▶
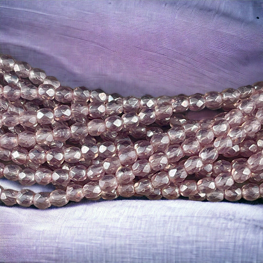 Czech Glass Beads - 4mm Light Lavender Luster Faceted Round Czech Beads ~ 4mm Czech Glass Beads ~ Pale Purple Luster (FP4/SM-L2004) * Qty 50
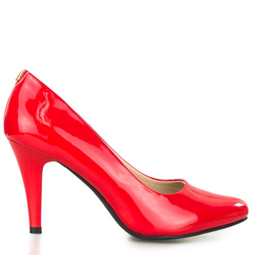 KORALOWE CZERWONE SZPILKI W SZPIC LAKIEROWANE
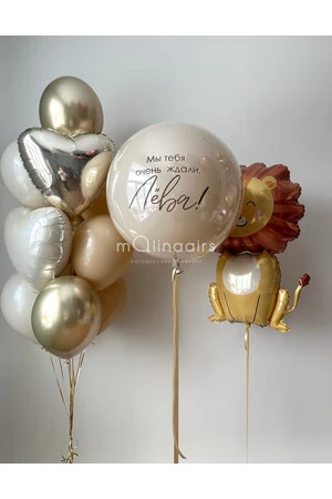 Набор гелиевых шаров на выписку мальчика со львом № 3219
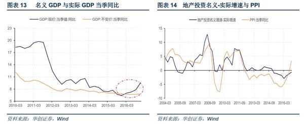 价格“幻象”营造需求持续改善的幻觉。价格推升下,经济L型,名义却呈V型,投资等名义数据同样会异常靓丽。以地产投资为例,2016年地产投资实际增速为7.6%,假设2017年回落至2015年的2.8%,由于2017年地产投资价格指数将上涨2%以上,对应名义投资增速将高达5%左右。考虑到2016年土地出让金增速高达19.3%,地产新开工增速也有8%,土地购置费的延后支付和现有施工项目原本就对2017年的地产投资有一定的支撑,2.8%的实际增速应是保守的估计,相应的名义增速较2016年下滑的空间非常有限。
◀
**Exercise:**
Leaving every picture out, write out exactly the lines from the beginning of the listing above to the line with "Набор гелиевых шаров", inclusive.

**Expected answer:**
 Czech Glass Beads - 4mm Light Lavender Luster Faceted Round Czech Beads ~ 4mm Czech Glass Beads ~ Pale Purple Luster (FP4/SM-L2004) * Qty 50
 KORALOWE CZERWONE SZPILKI W SZPIC LAKIEROWANE
 Набор гелиевых шаров на выписку мальчика со львом № 3219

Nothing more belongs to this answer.